Fig. 4: Runx1 promoter-proximal CTCF sites play a role in establishing Runx1 chromatin architecture.

a Schematic of Runx1 TAD showing CTCF binding in mESCs⁴² and the orientation of CTCF motifs underlying peaks. P1 and P2 promoter-proximal CTCF sites are indicated with CRISPR/Cas9 strategies to delete them. Distance to Runx1 transcription start sites is indicated. Vertebrate conservation (phastCons, cons), CTCF occupancy in 416B HPCs, core motif sequence, single guide (sg)RNA, and deletion alleles (dels) are indicated. b, c Subtraction of Tiled-C matrices between P2-CTCF-KO (b) P1-CTCF-KO (c) and wild-type hematopoietic cells is shown at 2 kb resolution with threshold at +/−97th percentile of subtracted normalized interactions (subtracted norm. ints.) (n = 4).

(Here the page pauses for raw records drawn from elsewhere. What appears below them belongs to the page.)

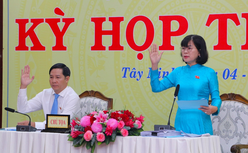 Thay mặt UBND tỉnh, đồng chí Nguyễn Thanh Ngọc – Chủ tịch UBND tỉnh thông qua tờ trình đề nghị HĐND tỉnh xem xét, quyết định miễn nhiệm chức vụ Ủy viên UBND tỉnh Tây Ninh, nhiệm kỳ 2021-2026 đối với đồng chí Nguyễn Tấn Tài – Nguyên Giám đốc Sở Giao thông vận tải, lý do nghỉ hưu theo chế độ; Đồng thời, đề nghị HĐND tỉnh xem xét, bầu bổ sung Ủy viên UBND tỉnh Tây Ninh, nhiệm kỳ 2021-2026 đối với đồng chí Nguyễn Hoàng Nam – Chánh Thanh tra và đồng chí Đỗ Hồng Sơn – Giám đốc Sở Y tế.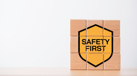 Safety first concept with yellow shield icon on wooden blocks which it symbolizing risk management of workplace safety , protection policy compliance and prevention strategy.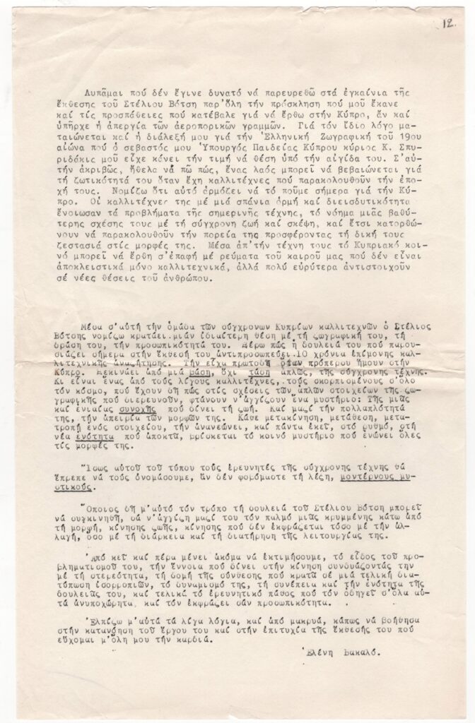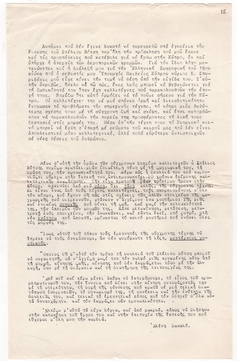 Κείμενο, δακτυλόγραφο, χαρτί, 33,0×21,0 εκ., στα ελληνικά. Κείμενο (ομιλία;) της Ε. Βακαλό για τα εγκαίνια έκθεσης του καλλιτέχνη στην Κύπρο.

Locations of CTCF site deletions are indicated by a pink and green cross. RPKM-normalized ATAC-seq in wild-type HPCs and CTCF occupancy in 416B cells is shown. The locations of the main Runx1 TAD and sub-TADs are indicated. d, e Tiled-C matrix from P2-CTCF-KO (d) and P2-CTCF-KO (e) (2 kb resolution, threshold at 94th percentile, n = 4). f Insulation scores (intra-TAD interaction ratio) for main Runx1 TAD and sub-TADs in wild type, P1-CTCF-KO, and P2-CTCF-KO HPCs (*, Kruskal–Wallis and Dunn’s test, two-sided adjusted p-values: main TAD WT and P1-CTCF-KO p = 4.8⁻⁴, WT and P2-CTCF-KO p = 0.03, P1-P2 sub-TAD WT and P1-CTCF-KO p = 0.003). Boxplot centre shows median, bounds of the box indicate 25th and 75th percentiles, and maxima and minima show the largest point above or below 1.5 * interquartile range. Outlying points are not shown. Data were analyzed from the total number of bins indicated above each boxplot from four biologically independent experiments.